Friday’s worse than expected unemployment report sent the Dow up 3.09%. Sad, isn’t it, that the message Wall Street keeps sending to Main Street is one of greed over compassion (or even logic).
Statistically, in the last 12 months, one million jobs evaporated:
click to enlarge
The rise in unemployment since November 2007 is over 3,000,000 people according to the BLS. Of course this increase does not account for people who have just given up looking for jobs during this period.
Additional Employment Unreported Statistics
Many retirees have been hard hit by this recession depending how they invested their money. BusinessWeek reported:
Seniors who thought they were set for life just a year ago now face the prospect of going back to work for two, five, even 10 years. They're sprucing up their résumés, calling old work contacts, and flocking to employment sites. There are no reliable stats yet on how many retirees are looking for work, but there are clear signs the number is growing. RetirementJobs.com, the largest career site for people over 50, saw traffic more than double, from 250,000 visitors in July to 600,000 in November. In April, before the worst of the market downturn, a survey conducted by the seniors group AARP found that 17% of responding retirees over 50 were considering or already going back to work.
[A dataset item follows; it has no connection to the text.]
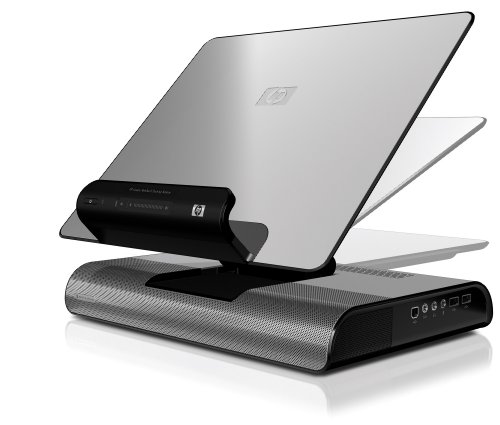 Connectors and ports: Expansion Cable Connector (connects to notebook's Expansion Port), USB 2.0 Ports (6), Microphone (audio-in) Jack Headphone (audio-out) Jack, PC Port (for connecting secondary notebook), External Monitor Port (VGA), S/PDIF (Sony/Philips Digital Interface) Digital Audio Jack (RCA type) RJ-45 (network) jack, Power Connector, Power connector for HP Personal Media Drive (HP Personal Media Drive is optional and sold separately), Consumer IR for use with an optional HP Mobile Remote Control (sold separately) Adjust your notebook to the best viewing height Stay connected to everything: power, peripherals, Internet, etc, via a single cable Get excellent sound with the powerful, integrated Altec Lansing 2.1 speaker system Connect an MP3 or CD player to the docking station's auxiliary audio-in port Back up data on the integrated HP Media Drive storage bay: just connect our Personal Media Drive or Pocket Media Drive directly to the docking station Connect a secondary notebook via USB, then share USB peripherals connected to your docking station Charge USB devices even when your notebook is disconnected; the docking station supplies six powered USB ports Use the ports: VGA for connecting an external monitor, Ethernet, multiple audio outputs, microphone, and consumer IR for a mobile remote control (sold separately) Plug and play: you need no drivers or software for setup Compatibility: HP Pavilion dv4, dv5, dv6, dv7, dv2000, dv6000, dv9000, tx2, tx1000, tx2000 series; HP HDX 16, 18 series; Compaq Presario CQ45, V3000, V6000 series

Since 2000, the employment/population ratio began falling after growing for many decades. Had this ratio not changed, there would be over 1 million additional jobs in this November 2007 to 2008 period. What caused this shift in the employment model? According to the New York Times:
Already, the share of men older than 20 with jobs was at its lowest point last month since 1983, and very close to the low point of the last 60 years. The share of women with jobs is lower than it was eight years ago, which never happened in previous decades.
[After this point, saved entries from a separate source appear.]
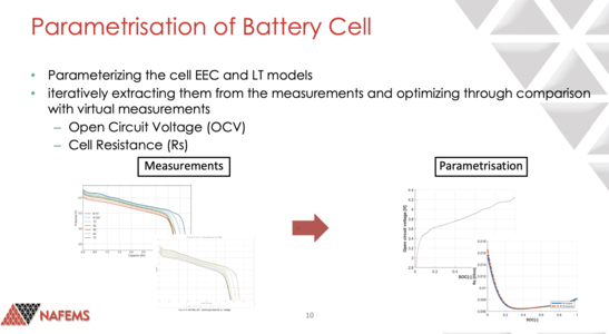 Air transport is one of the fastest-growing sources of greenhouse gas emissions, therefore hybrid electric propulsion is likely to play a more prominent role for regional aircraft with 40+ passengers to reduce its climate impact. The present study focuses on modelling the operating behaviour of the battery system for a future hybrid-electric regional aircraft using an advanced, high energy-dense lithium battery electrochemistry based on available measurement data. The battery operating behaviour is modelled with coupled equivalent electric circuit (EEC) and lumped thermal (LT) models. These empirical models are suited for cell-to-system modelling as they achieve good accuracy while keeping simulation time low. This paper aims at presenting a practical solution to modelling, parametrisation and simulation of the large propulsive battery for a hybrid-electric aircraft based using upcoming energy dense Li-metal battery electrochemistry. The coupled EEC- LT battery models were implemented in Dymola/Modelica using components from the AIT ElectricEnergyStorages (EES) library. Publicly available test data of an SES Li-metal prototype battery cell was used to parameterize the cell electrical and thermal cell models, iteratively extracting them from the measurements and optimising through comparisons with virtual measurements. The implementation, parameterization methodology, and validation of the 1D EEC and pseudo-3D LT battery model are discussed. The model can reproduce at system level the electrical and thermal operating behaviour of a large aeronautical propulsive battery under the relevant operating and environmental conditions. However, the battery concept as well as the underlying models need to be further refined to provide electrical and thermal behaviour at sub-pack and module level.
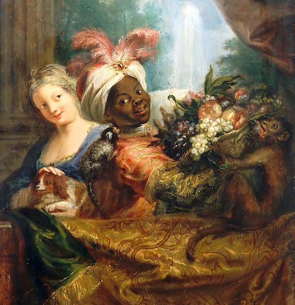 ولد مع فاكهة وفتاة مع كلب
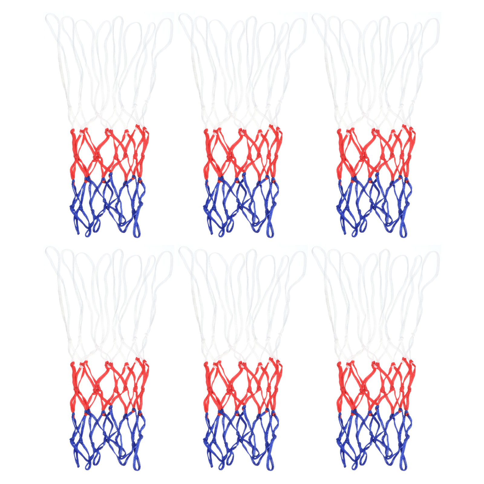 スタイル: 8ループ; カラー: ホワイト レッド ブルー; 全体のサイズ: 43 x 30 cm(L*直径); ロープ径: 5.5 mm; パッキングリスト: 6個 x ミニバスケットボールネット

The Cost of Obama’s 2.5 Million Jobs
The cost of each employee to a company is much larger than the wages the employee receives. Besides the hidden insurances and taxes levied, a company has overhead and profit. Most jobs, especially in infrastructure, require more than a shovel. There are tools and equipment the employee must use.
Depending on the type of job, the cost of each man hour can easily exceed $100. To directly create 2.5 million jobs cost $600 billion per year. If you actually wanted to build something you need to add the cost of the materials, and the cost of government to manage.
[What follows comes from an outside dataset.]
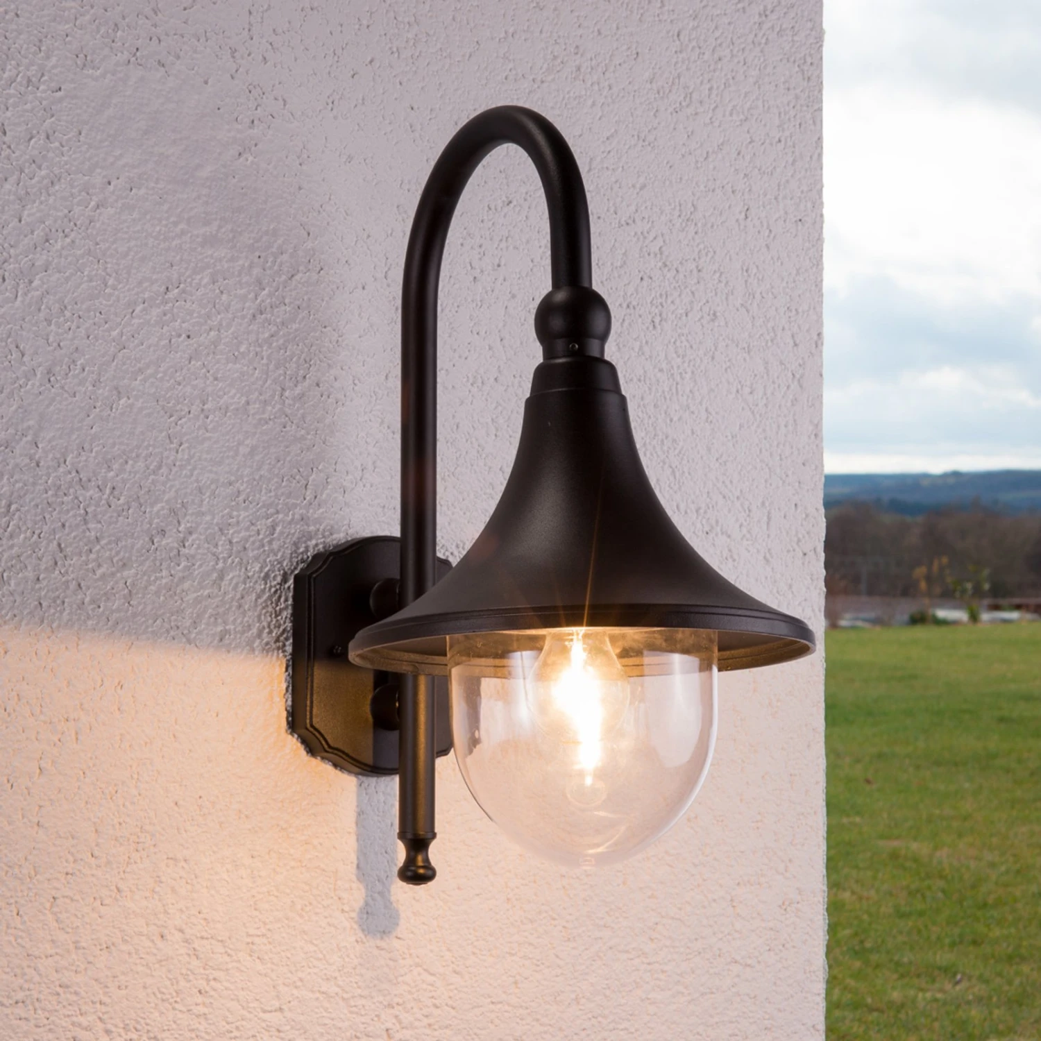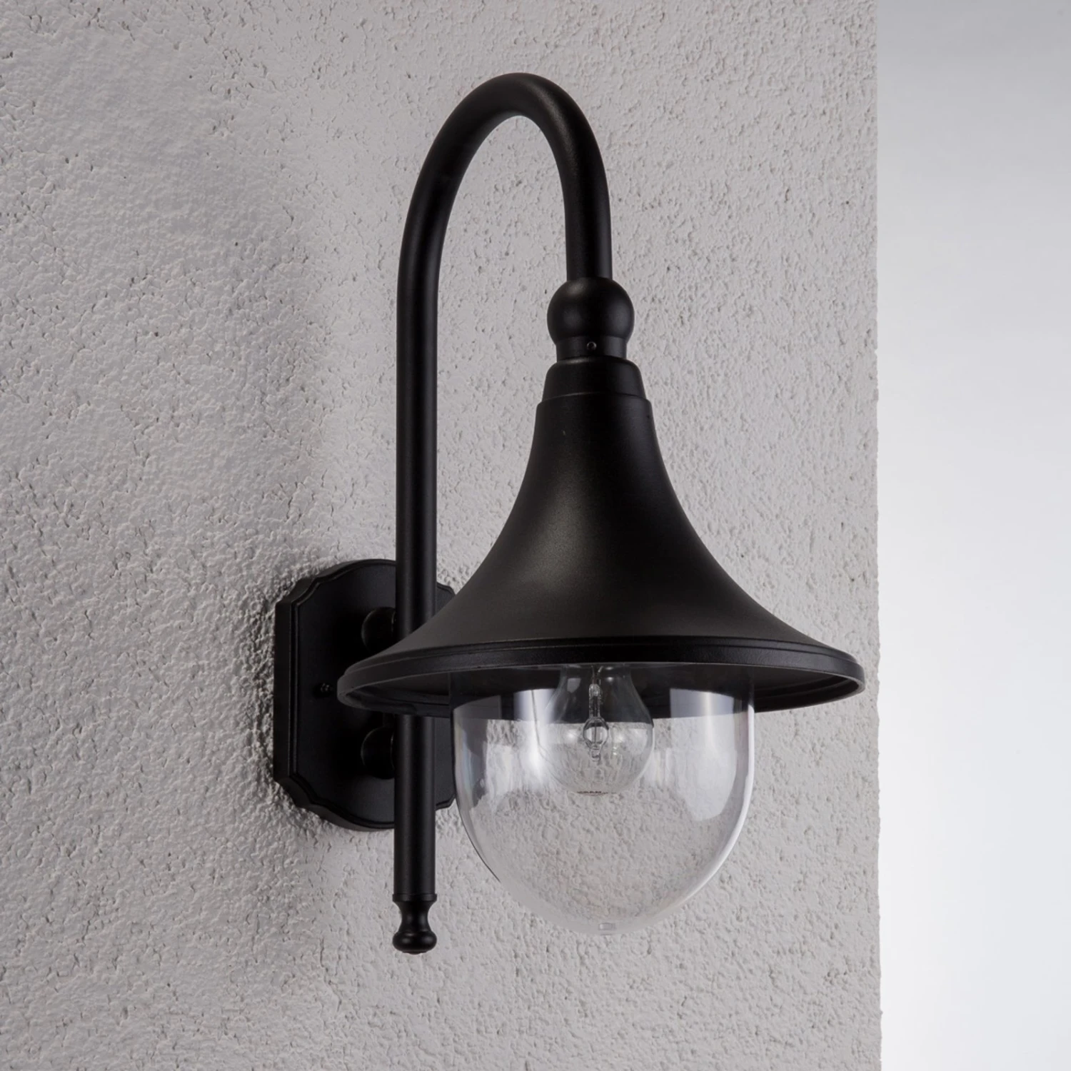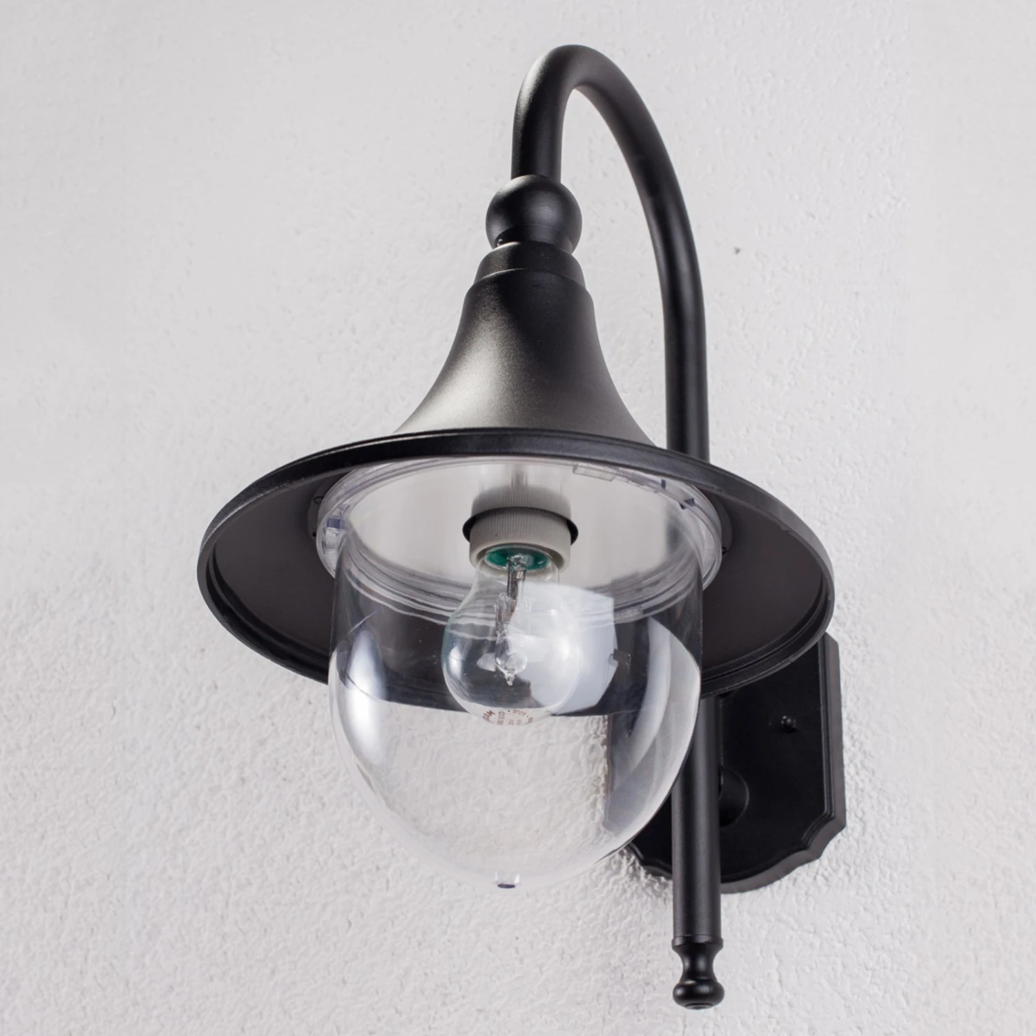 Die Leuchten der Serie Daphne kennzeichnet ein recht zeitloses Design in schlichtem Schwarz. Der Leuchtkopf geht in Form eines Bogens vom Gestell der Außenwandleuchte ab und der Schirm läuft nach unten hin glockenförmig auseinander. Das Leuchtmittel wird von einem klaren Diffusor aus Polycarbonat geschützt, was vor allem für die Robustheit der Leuchte spricht – ein Merkmal, das natürlich im Außenbereich nicht zu unterschätzen ist, denn es kann immer wieder verschiedene Einflüsse, vor allem des Wetters, geben, denen Schirm und Leuchte standhalten müssen. Ausgestattet mit einer E27-Schraubfassung, ist die Auswahl an verwendbaren Leuchtmitteln groß: Klassische Glüh- und Halogenlampen können eingesetzt werden, ebenso ist die Verwendung von energieeffizienteren LED-und Energiesparlampen möglich.

Even if you buy into Keynesian job creation multipliers to create 2.5 million direct and indirect jobs, you would need to spend at least $400 billion per year. I do not think the multipliers work for created employment in a recessed economy with slack capacity.
Will the 2.5 Million Jobs Be the Right Jobs?
This is not 1929 and this recession will not look like the Great Depression even if a depression occurs. There were no social safety nets during the Great Depression so the government created many “make work” projects for people to be able to eat. The government used a shotgun approach to create jobs.
Going back to the 2.5 million jobs lost in the past year, the construction industry accounted for less than 500,000 of the losses. We should be careful in spending money creating jobs. We need to ensure that we are creating jobs useful 10 years down the road.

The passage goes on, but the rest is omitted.